Zinken 4 der Fördervorrichtung 1 greifen in dem
Förderabschnitt periodisch in den Förderkanal 5 in der
Förderrichtung A ein. Vor dem Bodenblech 2 ist eine Pick-up-
Walze 6 zu sehen, die das aufgenommene Ladegut dem
Förderkanal 5 zufördert. Oben an den Förderkanal 5
schließt sich laderaumseitig ein Kratzboden 7 und
an der anderen Seite eine Wagenstirnwand 8 an.
In dem Förderkanal sind in Lücke zueinander versetzte
Schneidmesser 9 und 10 angeordnet. 11 ist der Laderaum
des Fahrzeuges.
Die Fördervorrichtung 1 besteht, vgl. Fig. 2, aus
einem angetriebenen Zentralrohr 12 an das beidseits
Seitenschilder 13 angeflanscht sind. In den
Seitenschildern sind fünf Zinkenwellen 14 in Drehlagern 15
angeordnet. An den Zinkenwellen 14 sind die Zinken 4 in
Reihe starr angeordnet.
Im spitzen Winkel zu diesen sind an den Zinkenwellen 14
seitlich Steuerarme 16 angeschweißt, die vorne mit
Steuerrollen 17 versehen sind, die auf der Kurvenführung (19)
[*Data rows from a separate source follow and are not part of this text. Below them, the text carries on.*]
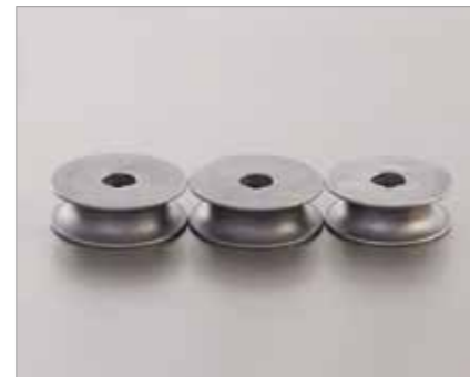
Biegerollen aus Stahl
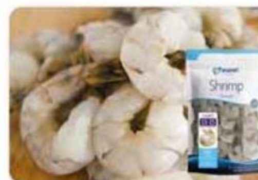
Camarones Crudos Panamei Congelados - 13/15 12 oz - Reg. $6.85
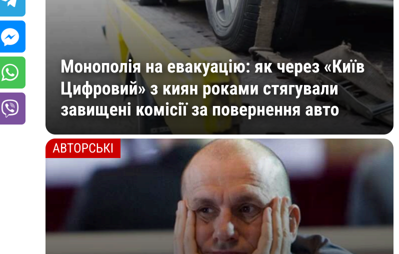
Монополія на евакуацію: як через «Київ Цифровий» з киян роками стягували завищені комісії за повернення авто
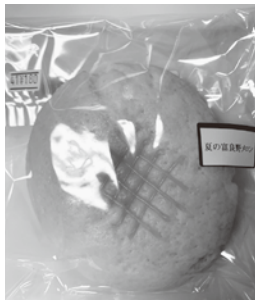
夏の富良野メロンパン
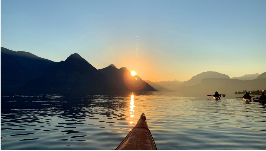
IMG 8815
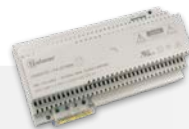
FA GTwin Voeding
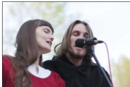
Выступление Гилеад

Множество площадок задали фестивалю весьма интенсивный ритм. Наряду с русскими и западноевропейскими воинами, сходящимися в бескомпромиссных индивидуальных и групповых боях, можно было детально рас-
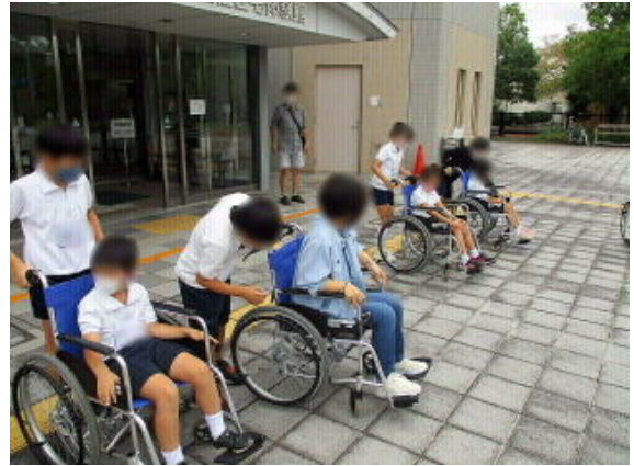
画像は加工して掲載しています
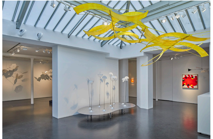
1. Starry Night , 2013, acier inoxydable, aluminium, fibre de carbone, polyester, édition 3/5 H114 x Ø160 cm 2. Exposition Susumu Shingu, Le Souffle d'ici - L'Eau de là , Galerie Jeanne Bucher Jaeger, Paris, Marais, 2024

Débutant sa vocation de peintre au Japon, Susumu Shingu se rend à Rome, au début des années 60, fasciné par l'art de la Renaissance, notamment par Piero della Francesca et Leonard de Vinci, et par la pluridisciplinarité des artistes de l'époque, à la fois peintres, sculpteurs, designers, architectes, paysagistes, ingénieurs, astronomes et scientifiques... Sa tridimensionnalité lui est révélée par hasard : l'effet du vent sur l'une de ses peintures, qu'il suspend à un arbre pour la photographier, la met en mouvement. Ce premier contact avec les énergies invisibles de la Nature – le vent - étoffé plus tard par celui de l'eau, du soleil, de la gravité... est fondamental. Susumu Shingu trouve ainsi, au fil du temps, son plein vocabulaire de sculpteur en approfondissant auprès d'ingénieurs l'aspect scientifique de son travail, l'intelligence du détail des formes, en développant la pratique du mouvement perpétuel dans ses sculptures, qu'elles soient soumises à l'infime souffle intérieur ou aux vents les plus extrêmes en extérieur ; il renoue aussi avec son âme de japonais, empreinte de respect d'une nature absolue, d'acceptation de son imprévisibilité et de contemplation de la beauté de ses formes infinies.
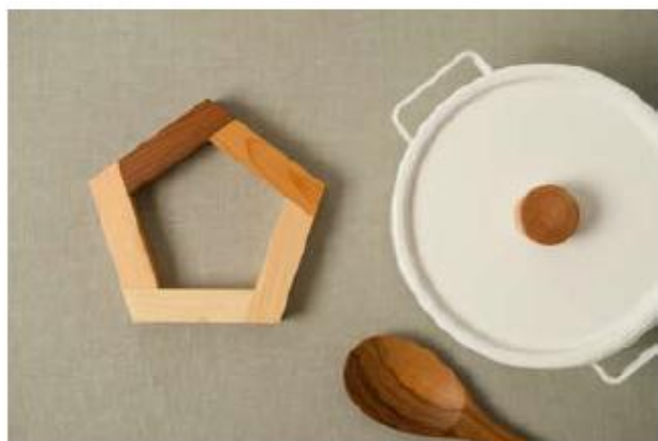
五木 銅敷き 〈asahinoko〉 ¥3,150

銀板転写による印刷の技法で絵付けしたお茶碗。ひとつひとつ手作業で絵付けしているため、微妙なズレやかすれもまた味。柄はアーティスト立花文憲さんによるデザインです。
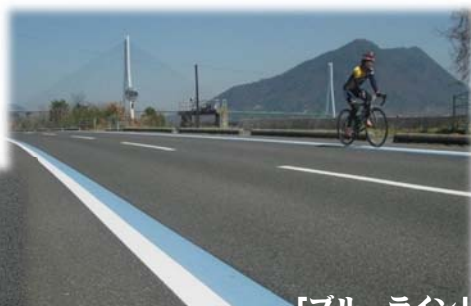
「ブルーライン」 距離や目的地なども表示
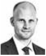
Hellgren Juhani ASIANAJOTOIMISTO CASTRÉN & SNELLMAN OY
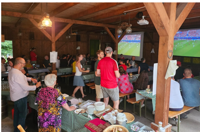
Fußball-EM im Pfarrstadl
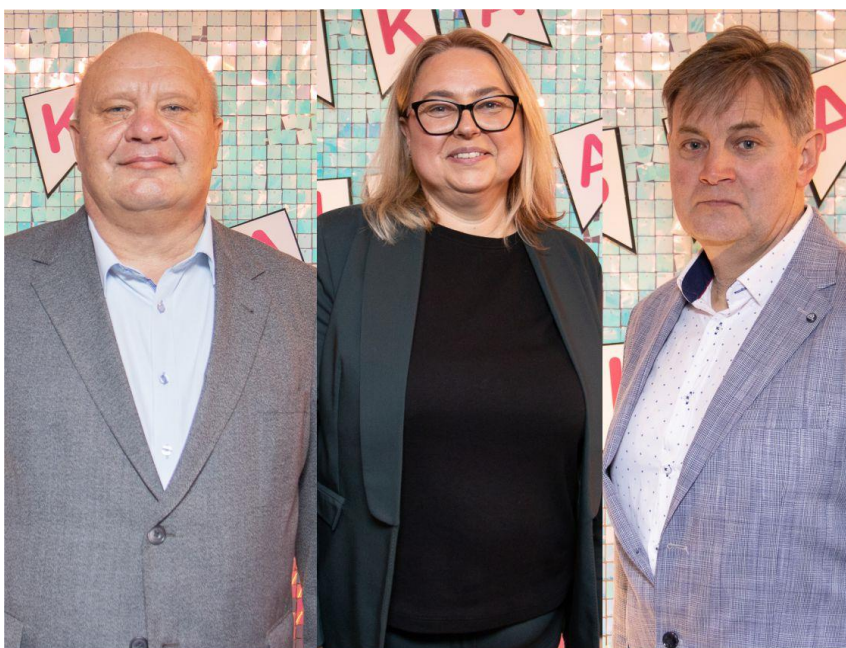
Fotografia przedstawia laureatów drugiego miejsca w konkursie.
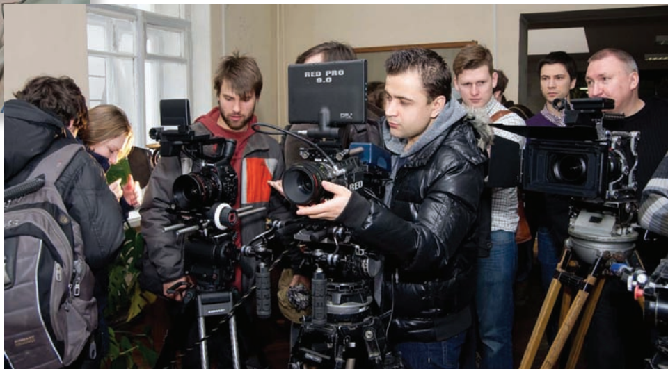
Сравнительное тестирование кинооптики на «Ленфильме»

На киностудии «Ленфильм» были проведены сравнительные тесты шести линеек объективов ведущих производителей, где в качестве экспертов участвовали профессиональные кинооператоры
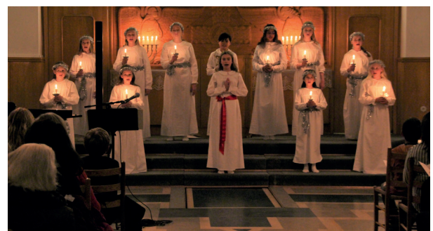
Lucia 2017.

TORS DAG 13. DESEMBER KL 19.00 I KAPELLET

abrollen und durch eine Kulissenwand 20 gehalten sind.
Der untere Abschnitt 19a der Kurvenführung 19 verläuft,
wie in Fig. 1 zu sehen, in dem Förderabschnitt von der
Pick-up-Trommel 6 bis nach der Umlenkung von der horizontalen
in die vertikale Förderrichtung parallel zu dem Förderkanal
5. In dem Abschnitt ab 19c der Kurvenführung werden die
Zinken 4 aus dem Förderkanal zurückgezogen. An diesen
Abschnitt schließt sich ein konkav nach dem Innern der
Kurvenführung eingedallter Abschnitt 19b&min; der oberen
Kurvenführung 19b an.
Hier beginnen sich die Zinken 4 entgegen der
Förderrichtung abzusenken, wie die Kurve B am
Förderkanalende bei b veranschaulicht. Dadurch wird ein Einziehen
des Fördergutes in das Schlitzblech und ein Quetschen
desselben mit allen Folgen wirksam vermieden. Nach
dem Abschnitt 19b&min; folgt ein sich spiralig erweitender
Rückführungsabschnitt, auf welchem die Zinken 4 wieder
in die Förderstellung geführt werden.
Durch diese Aufteilung und Anordnung der Kurvenführung
19 wird in überraschender Weise die Anordnung von fünf
Förderrechen trotz der einen verhältnismäßig kleinen
Durchmesser aufweisenden Seitenschilder 13 erreicht.
Erfindungsgemäß sind die Schneidmesser 9 u. 10 an ihren
obenliegenden Enden 10 mit ihren Klinken die
Zurückzugskurve B insbesondere die Schwenkkurse b deckend
angeordnet, so daß die Oberseiten der Messer 10 das
nicht restlos auf den Kratzboden 7 geförderte Gut am
Zurückgleiten in den Förderkanal hindern.